Cela nous fait dire que le désir d’avoir un bon emploi n’est pas seulement une question d’aspect financier, il y a aussi une dimension de statut, ce que nous avons déjà évoqué plus haut au sujet de Kaushal, un statut d’appartenance à une classe de professionnels, symbole de la réussite sociale. Donc, même si indéniablement dans les cas que nous avons vus, le désir de performer était le résultat d’un désir intérieur, personnel, ancré dans un choix de vie, et non le résultat d’une fatalité associée à un

devoir de caste, il nous apparaît que le besoin de certains d’avoir aussi un emploi professionnel, et de s’accomplir dans un domaine lié à la modernité, dépassait le simple fait d’avoir un bon revenu. Et l’on peut concevoir qu’il y ait une certaine fierté pour jeunes de basses castes d’avoir accompli ce qui était autrefois impossible, c’est- à-dire grimper dans l’échelle sociale. On reconnaît chez eux une fierté d’appartenance à leur communauté. Bien sûr ils veulent s’émanciper, ils veulent un accès à la mobilité sociale, mais ce n’est pas pour pouvoir dire qu’ils ne font plus partie d’une communauté d’intouchables, associée à la pauvreté dont ils seraient aujourd’hui dissociés, mais plutôt pour pouvoir affirmer, au contraire, qu’ils sont fiers d’appartenir à un groupe associé au Teyyam, et, qu’en plus, ils sont parvenus, malgré les difficultés, à grimper dans l’échelle sociale, et qu’ils sont en mesure aujourd’hui de bien gagner leur vie. Il s’agit de faire honneur à leurs ancêtres et aux membres de leurs familles, en accomplissant de grandes choses, mais sans jamais renier leur mémoire.

Ceci dit, nous sommes conscients, et Virochan l’a bien expliqué, que plusieurs choisissent de ne pas s’engager dans le Teyyam. Toutefois ce que notre recherche permet d’établir, c’est qu’il y a aussi de jeunes hommes qui, pour des raisons personnelles, sont déterminés à suivre la voie de leurs pères, soit en se consacrant en priorité à la performance (Abhimanyu, Virochan), soit en essayant de réconcilier les deux mondes (Kaushal, Sadashiv, Sanjith, Priyaka, Balagovind). Un projet qui, dans tous les cas, demande beaucoup de détermination et n’offre parfois que peu de garanties de réussite. En ce sens, leur situation pourrait être comparée à celle de bien des jeunes dont parle Sancho (2012) qui démontrent, selon lui, beaucoup de détermination et d’optimisme, même si dans les faits un regard objectif pourrait déceler que leurs chances de réaliser leurs aspirations sont loin d’être garanties, surtout s’ils proviennent d’un milieu plus modeste.
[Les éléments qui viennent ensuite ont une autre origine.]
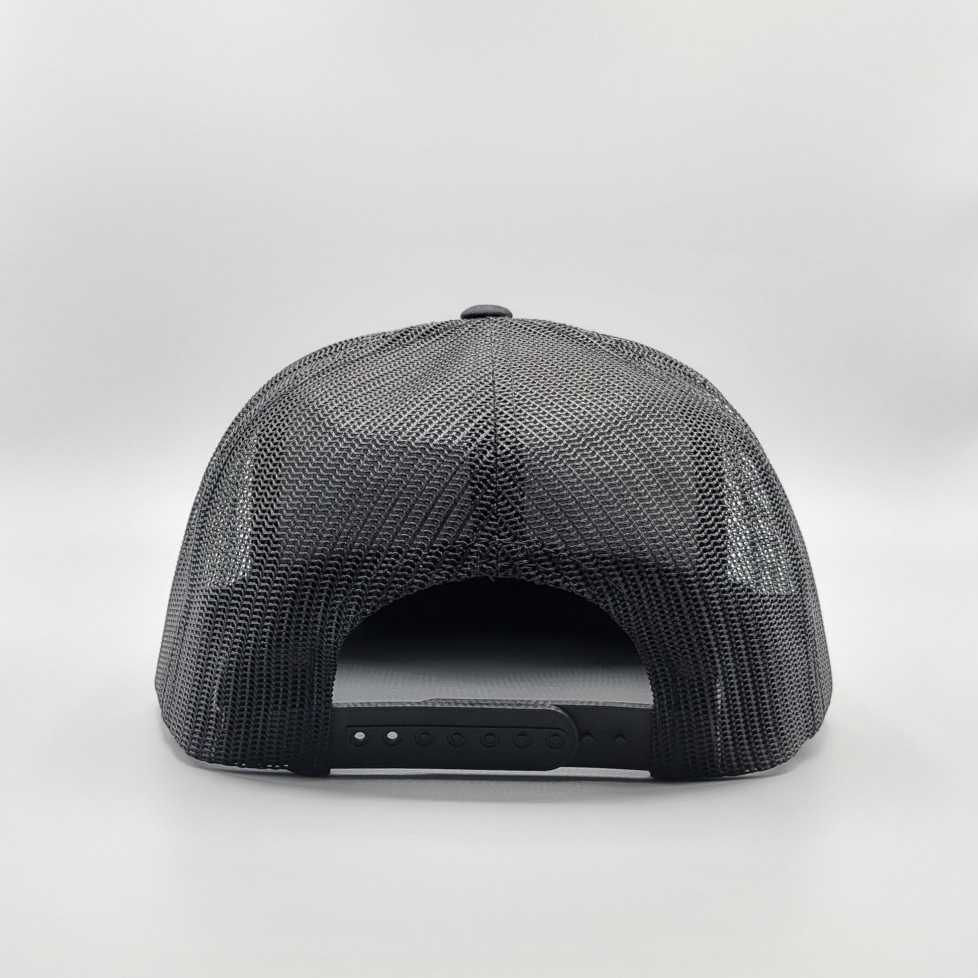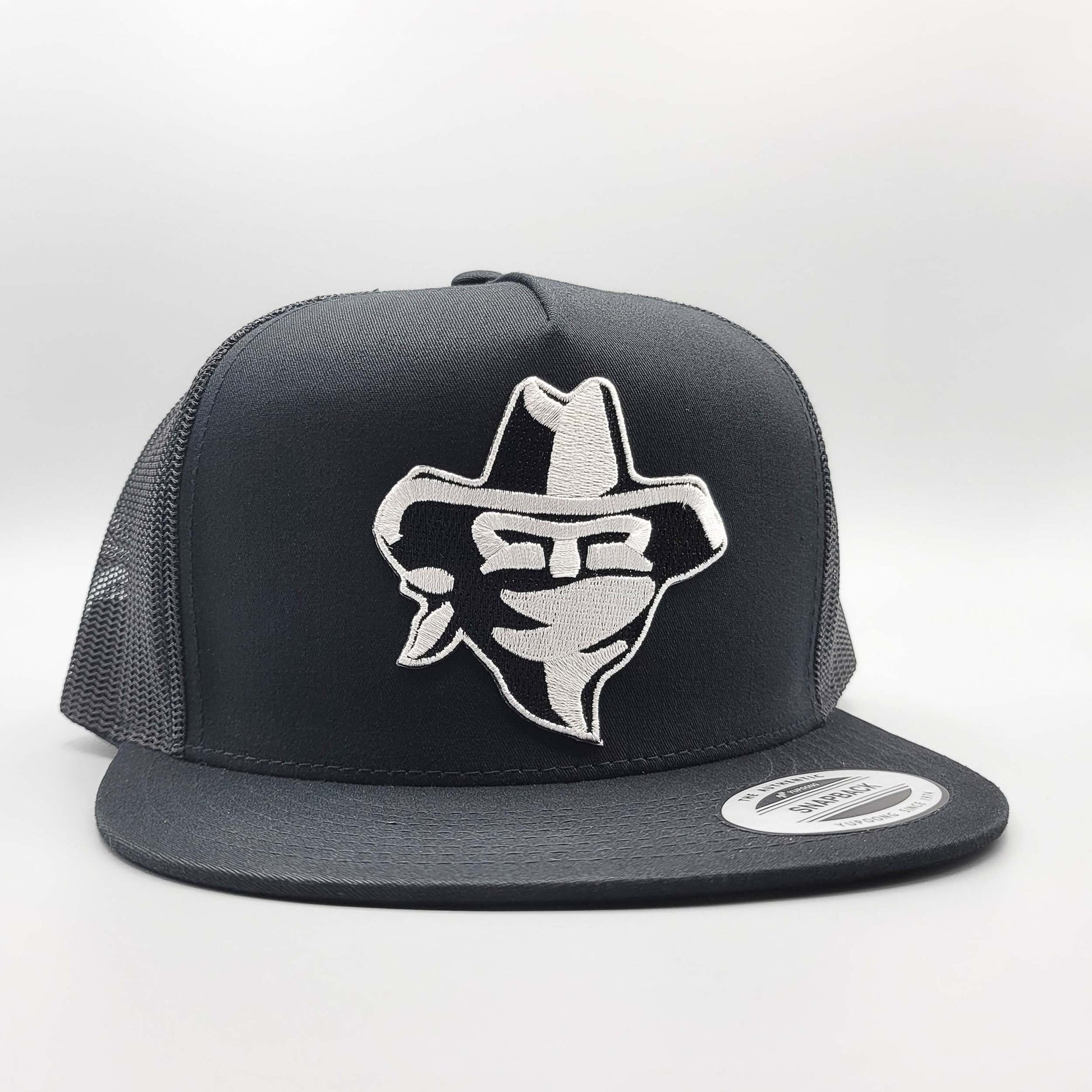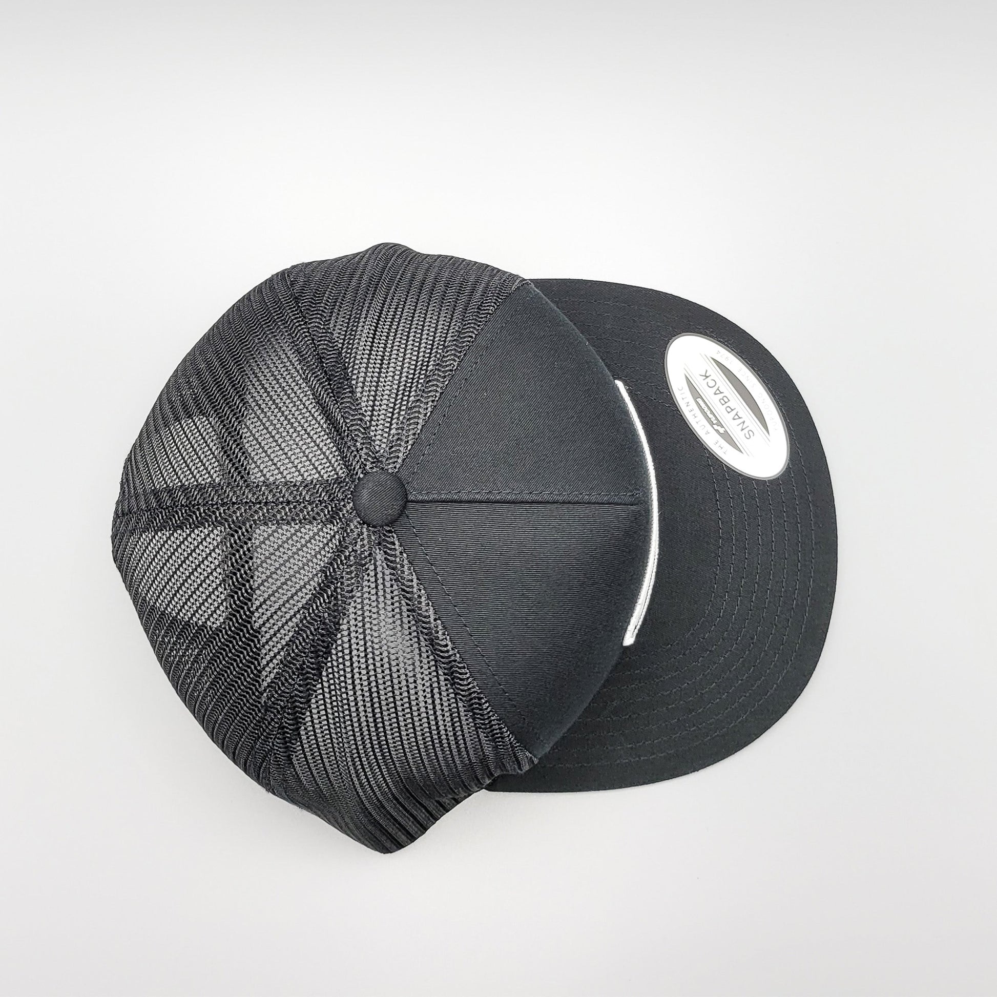 This vintage style patch is applied to one of our best selling trucker hats -- a black Yupoong 6006 Flat Bill Snapback Classic Trucker Hat. Get that great flat bill look in a snapback mesh baseball cap.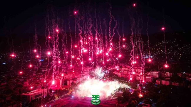 Başkan Enes Çelik’in göreve başlamasının ardından ‘Yanındayım’ kampanyasıyla birlikte birlik beraberliğini tekrar hatırlayan yeşil-beyazlı camia, bu akşam bir araya geldi. Bursaspor Kulübü’nün 61. kuruluş yıldönümünde taraftarlar her şeyin başladığı nokta olan Atatürk Stadyumu Miras Alanı’nda buluştu. Binlerce meşalenin yandığı organizasyonda tam 1963 adet de havai fişek atıldı. Gecenin gündüze çevrildiği görülürken, Bursaspor taraftarı muhteşem tezahüratlarla da yeri göğü inletti. 20 bine yakın Bursaspor taraftarı adeta gelecekteki güzel günlerin ateşini bugünkü organizasyonla birlikte yaktı ve bugünü milat kabul etti.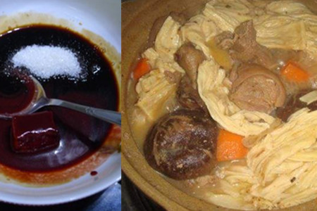 因为腐竹和胡萝卜较容易煮熟,所以要后面放入。如果家里没有瓦煲,也可以使用砂锅或者直接用炒锅来烹饪。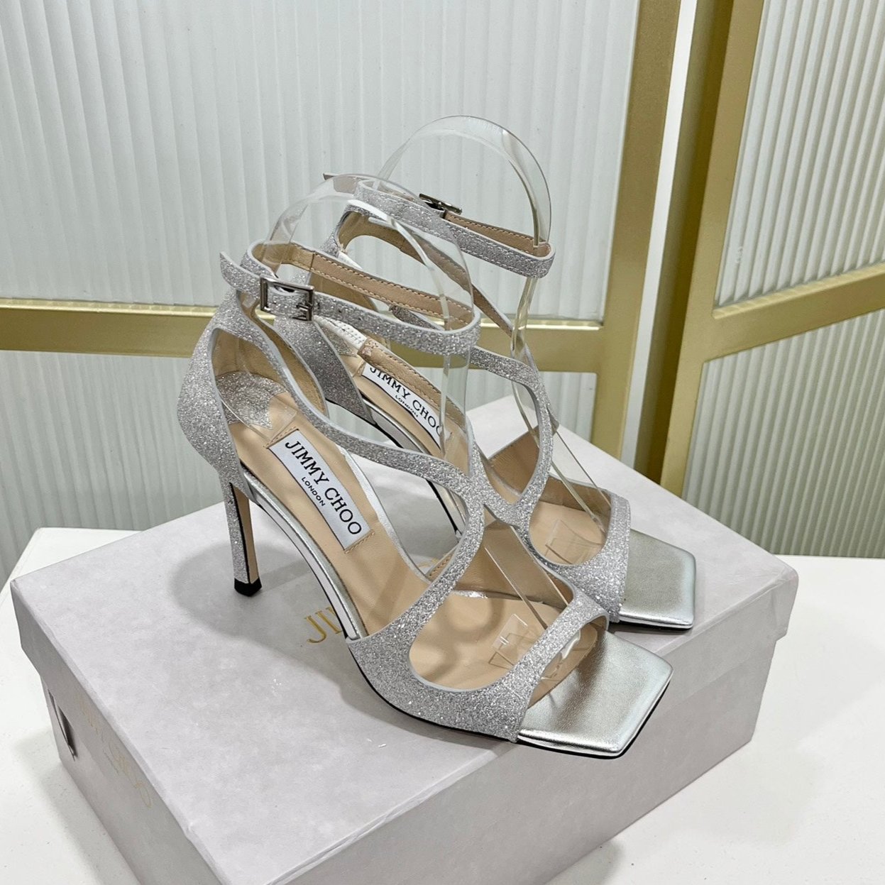 Jimmy Azia 95 In Silver Cowhide With Glitt Sandals 587711

Maintenant, il restera à voir comment ces jeunes réussiront à négocier leurs occasions de performer dans leurs groupes et avec les comités de temple. Car, bien qu’il y ait des droits héréditaires, ces droits doivent tout de même être distribués, et il y a parfois

plusieurs prétendants en compétition. Nous avons déjà établi à quel point les occasions de performer représentaient des occasions de gagner de l’argent et pouvaient faire la différence entre le fait de gagner sa vie de façon modeste, mais acceptable, ou de se retrouver dans une forme de précarité, ou alors, plus rarement, d’en vivre très bien. Nous savons que dans les groupes de performeurs, il y a des performeurs en position d’autorité qui prennent les décisions, qui surtout négocient la rémunération et les occasions de performer avec les comités de temples, et qui ont beaucoup de pouvoir lors de ces négociations. Dans le prochain chapitre, nous allons démontrer que les coulisses du Teyyam donnent lieu à une arène de luttes de pouvoir où, à côté d’un système de droits et de privilèges, se profile un système de compétition basé sur la renommée et la réputation, avec lesquels ces jeunes auront à composer.